百三話
レッキスさんの家に泊めて頂いて次の日の朝!
「・・・知らない天井だ」
俺は某アニメキャラのセリフを呟いた。
しかし、このセリフに反応する人はいない。何故なら一人だからだ!
ふぅ~、アホな事してないで起きるか。
食堂に行くと皆起きていた。
「おはようございますっす!」
「おう、おはよう。さて、ダイよ。お前今日どうする?」
「えっと、皆はどうするっすか?」
「俺とマシロはポーリッシュと一緒に街の散策だな」
「私はヨルムンガンドのメンバーと一緒にヒバカリさんの情報収集ですね」
「なるほどっすね。俺は今日はこの家でゆっくりしたいっすね」
「何かやるのか?」
「ちょっと家の改良したいっす。今回作って色々思う所があったっすから」
「そうか。一応家主に許可は取っておけよ。ポーリッシュかレッキスさんに確認しとけ」
「了解っす!朝飯食べたら聞いてみるっす!」
「じゃあ、俺達は出るから。もし一緒に行動したくなったら来いよ!」
「うっす!気を付けて行ってらっしゃ~い!」
ユウ先輩達が出て行った後、俺は朝飯を食べてレッキスさんに庭を使ってもいいかの許可を貰いにいった。

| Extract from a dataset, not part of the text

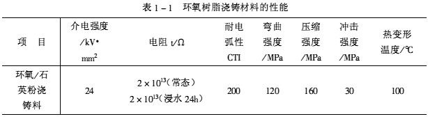 典型的環氧樹脂澆鑄絕緣材料的性能,見表1-1。圖1-1和圖1-2分別列出了環氧樹脂澆鑄的典型工藝及設備。

レッキスさんは、庭を壊さなければ好きにしていいと言われた。
俺は庭の一カ所を借りて、家の改良をしようと思い、先ずはミニチュアの家を作る。改良したいのは風呂をキチンとしたのを作って、キッチンをもう少し大きくして、後は・・・!
何て色々考えていたら後ろから視線を感じた。振り返ってみるとレッキスさんがいた!レッキスさんは俺が何をしているのか分からないのか聞いてきた。

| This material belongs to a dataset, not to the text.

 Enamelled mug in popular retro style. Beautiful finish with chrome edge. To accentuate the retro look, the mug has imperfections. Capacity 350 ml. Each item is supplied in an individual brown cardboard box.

「ねえ、貴方何をしているの?そんな小さな模型で何をするの?」
「コレっすか?俺が作る家の模型っすね。本物を作る前にコレで確認してるっす」
「へえー、大分細かいのね。っで出来たの?」
「一応完成したっすね。後は本物を作っての確認っす!」
「本物って今からこの模型と同じ家を作るの?どれくらい時間かかるの?」
「大体五分くらいっすねー」
「えっ!そんなに早く出来るの!・・・見ててもいい?」
「別にいいっすけど、あんま面白く無いっすよ」
「大丈夫、私が見たいだけだから。あと、その模型もう少し見せてもらってもいい?」
「いいっすよ。もう改良する所は頭に入ってるっすから」
俺はミニチュアの家をレッキスさんに渡して、魔力を集中させる。五分後に改良したイメージが出来た。
さあ、作るぞ!
「じゃあ、作るっすよ!少し離れて下さいっす!」
俺は、庭の土に手を触れ、魔力を流す!俺の魔力で土が形を変えて家に変わっていく!俺のイメージした家の形に!土を変える!
すると、立派な家が庭の中に出来た!
「ほ、本当に作れたの!中を見てもいい?」
レッキスさんが少し興奮しながら問いかけてきた。
「大丈夫っすよ!ってか俺も中の確認したいっすから」
俺とレッキスさんは作った家に入った。前回の家には無かった風呂も作ったし、キッチンも広げた。その代わり部屋数は少し少なくなったけどいい出来だ!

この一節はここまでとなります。